INSTRUCTIONS FOR THE TASK: Task for the records below: copy exactly, and only, the line containing "2021年4月7日,應(yī" and every line after it to the end, with pictures left out.

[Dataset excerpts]

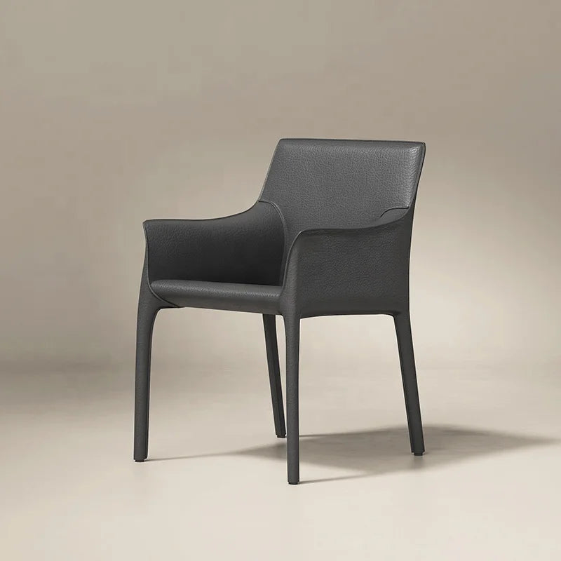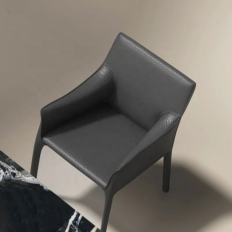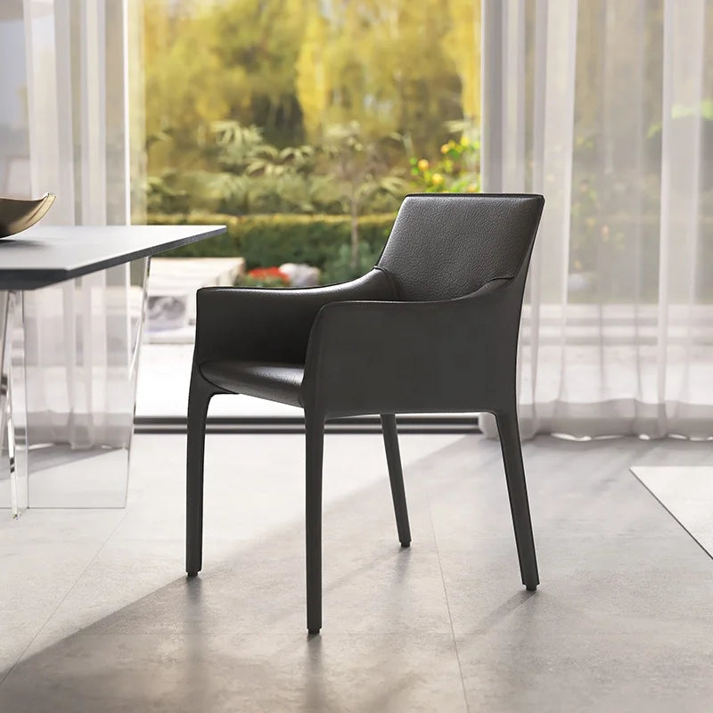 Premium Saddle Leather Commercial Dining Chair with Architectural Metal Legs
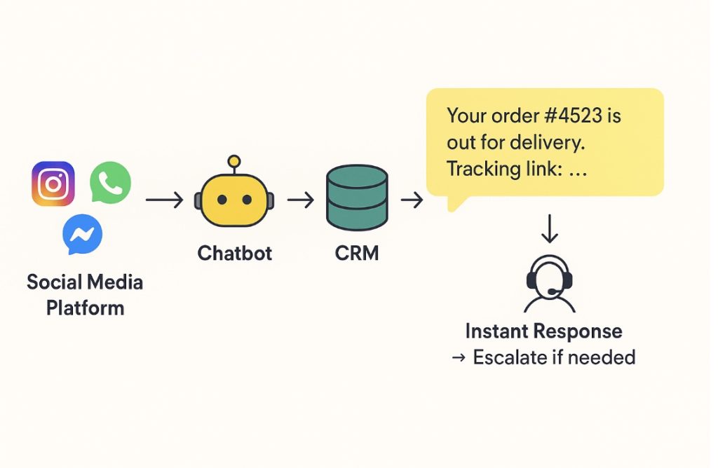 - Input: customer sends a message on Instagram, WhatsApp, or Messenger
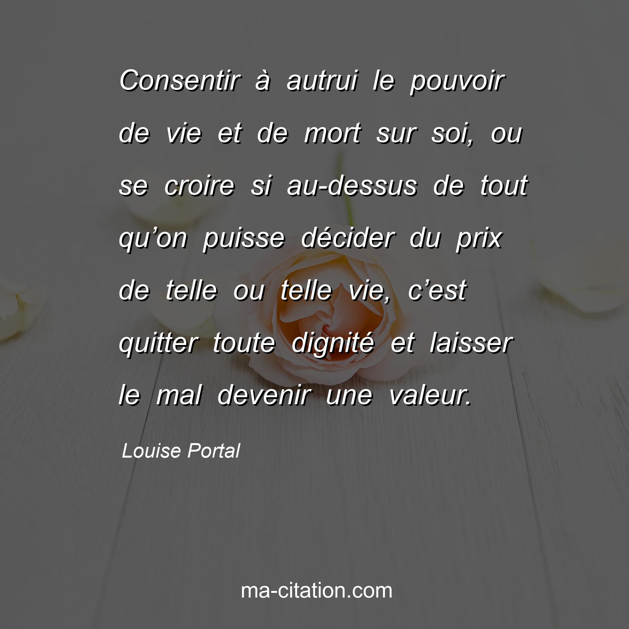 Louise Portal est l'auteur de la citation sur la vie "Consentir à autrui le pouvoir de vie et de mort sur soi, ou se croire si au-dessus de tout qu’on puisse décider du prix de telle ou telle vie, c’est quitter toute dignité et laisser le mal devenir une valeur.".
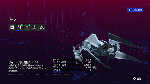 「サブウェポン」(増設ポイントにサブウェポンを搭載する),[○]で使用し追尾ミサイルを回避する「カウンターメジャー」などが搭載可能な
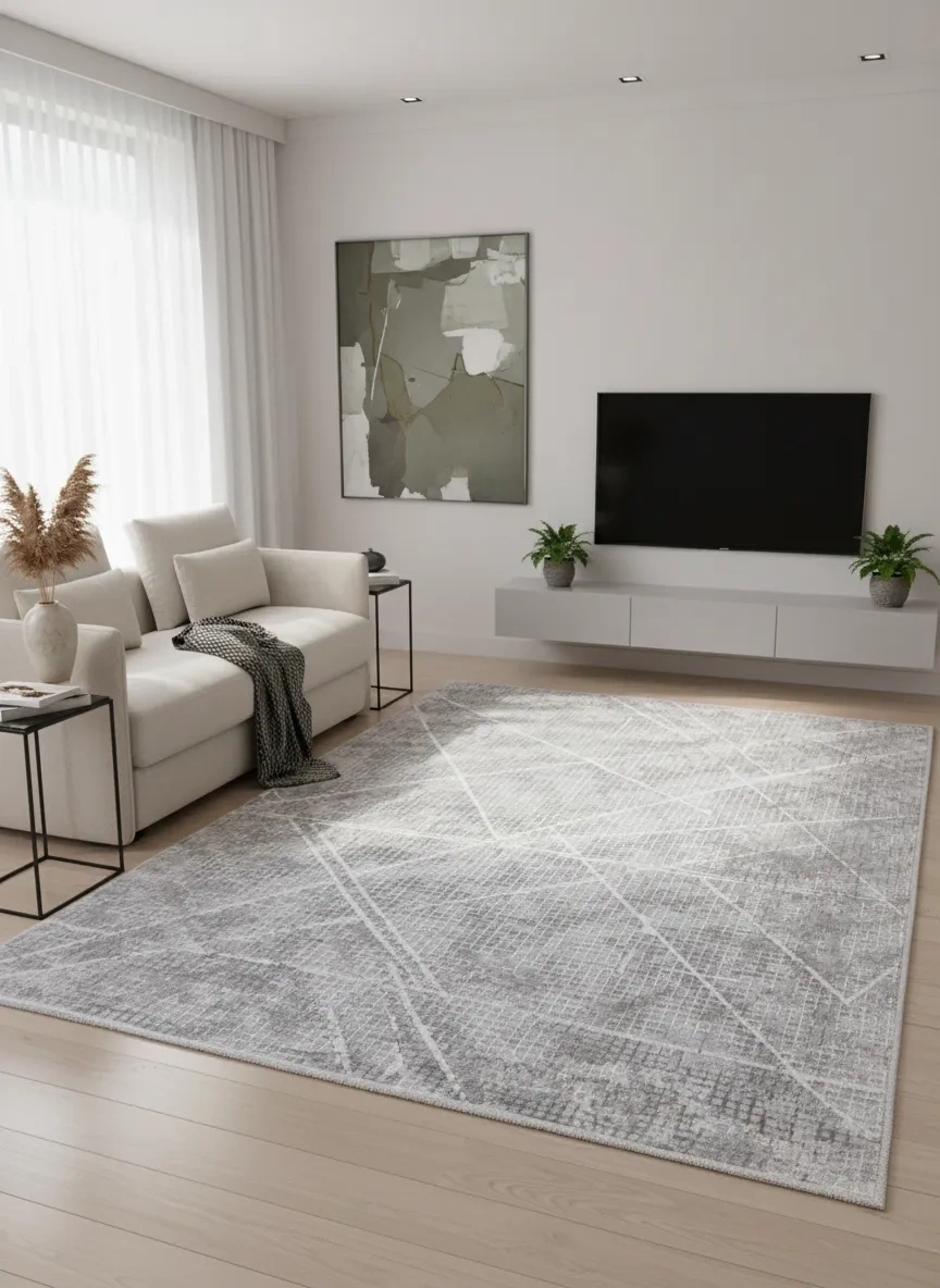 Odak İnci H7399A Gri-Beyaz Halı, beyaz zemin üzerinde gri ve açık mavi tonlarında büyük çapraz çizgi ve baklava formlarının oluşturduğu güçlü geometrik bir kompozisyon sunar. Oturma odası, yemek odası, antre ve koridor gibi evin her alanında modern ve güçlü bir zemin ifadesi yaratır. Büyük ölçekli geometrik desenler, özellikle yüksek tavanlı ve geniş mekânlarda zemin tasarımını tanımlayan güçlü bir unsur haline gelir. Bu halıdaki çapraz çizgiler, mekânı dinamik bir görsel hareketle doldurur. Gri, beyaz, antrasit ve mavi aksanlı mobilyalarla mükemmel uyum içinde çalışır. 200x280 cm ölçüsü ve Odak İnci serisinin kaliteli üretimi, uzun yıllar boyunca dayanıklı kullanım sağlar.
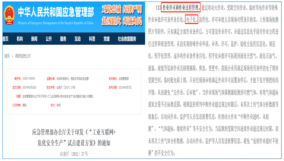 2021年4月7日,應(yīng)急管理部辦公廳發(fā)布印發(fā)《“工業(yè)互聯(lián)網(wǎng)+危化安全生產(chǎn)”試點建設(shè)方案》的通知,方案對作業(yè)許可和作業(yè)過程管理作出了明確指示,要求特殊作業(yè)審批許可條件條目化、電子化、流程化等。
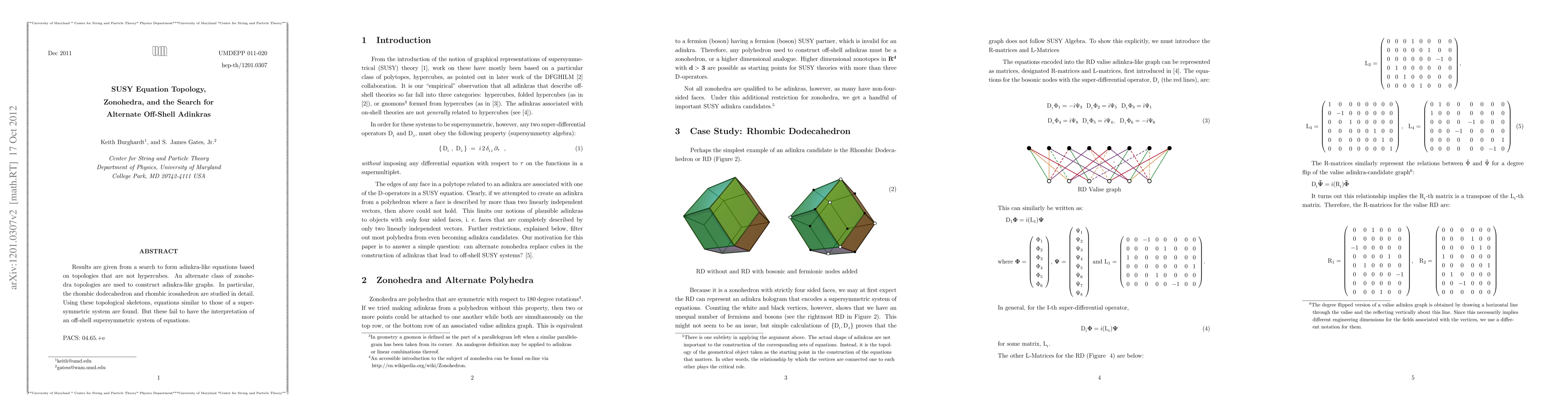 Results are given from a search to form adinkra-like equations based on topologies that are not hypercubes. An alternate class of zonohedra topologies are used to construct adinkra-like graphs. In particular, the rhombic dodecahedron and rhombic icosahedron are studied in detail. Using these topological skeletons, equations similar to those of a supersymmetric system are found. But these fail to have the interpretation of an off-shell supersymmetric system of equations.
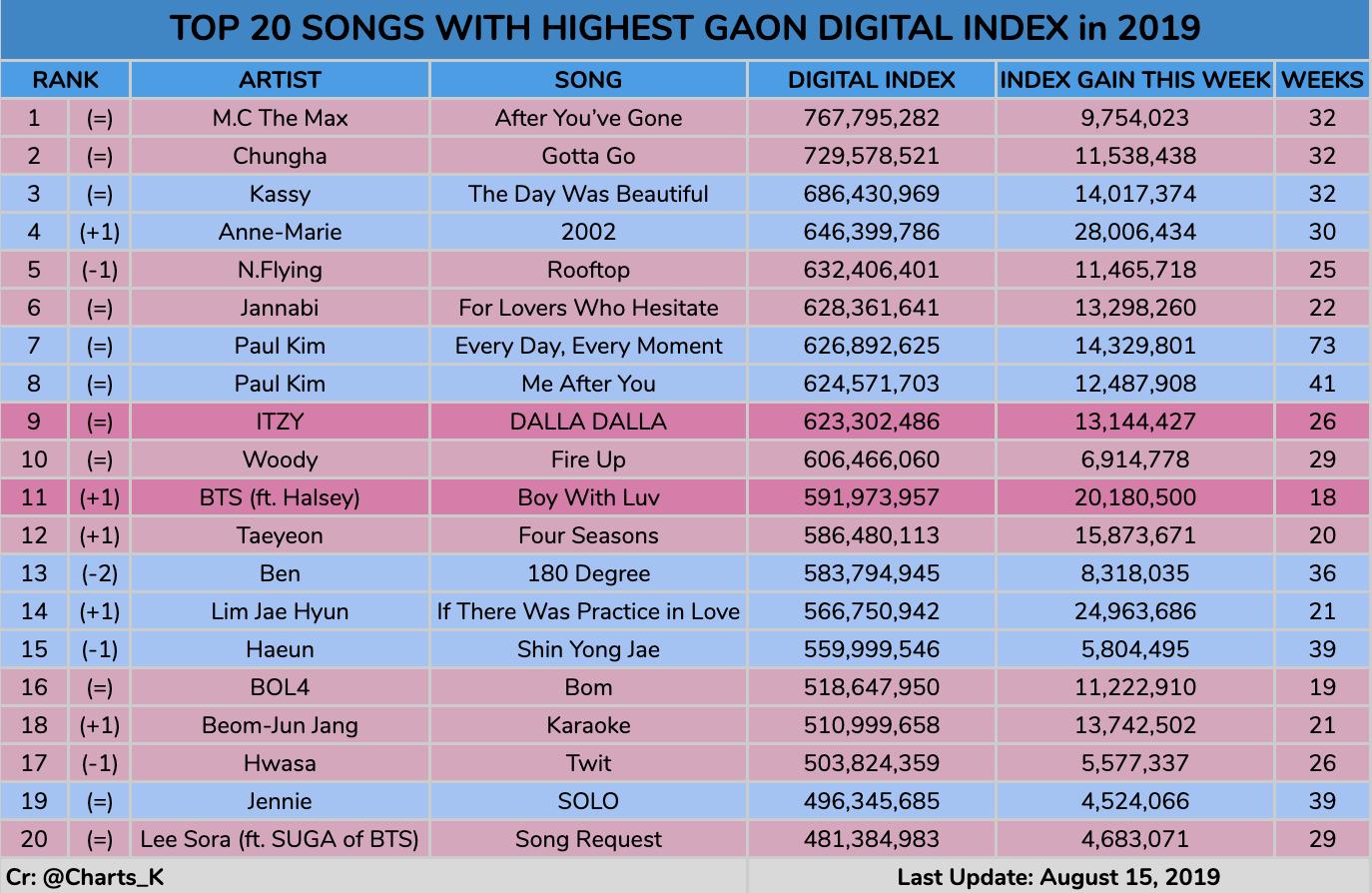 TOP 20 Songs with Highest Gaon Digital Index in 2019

FINISHED EXERCISE:
 2021年4月7日,應(yīng)急管理部辦公廳發(fā)布印發(fā)《“工業(yè)互聯(lián)網(wǎng)+危化安全生產(chǎn)”試點建設(shè)方案》的通知,方案對作業(yè)許可和作業(yè)過程管理作出了明確指示,要求特殊作業(yè)審批許可條件條目化、電子化、流程化等。
 Results are given from a search to form adinkra-like equations based on topologies that are not hypercubes. An alternate class of zonohedra topologies are used to construct adinkra-like graphs. In particular, the rhombic dodecahedron and rhombic icosahedron are studied in detail. Using these topological skeletons, equations similar to those of a supersymmetric system are found. But these fail to have the interpretation of an off-shell supersymmetric system of equations.
 TOP 20 Songs with Highest Gaon Digital Index in 2019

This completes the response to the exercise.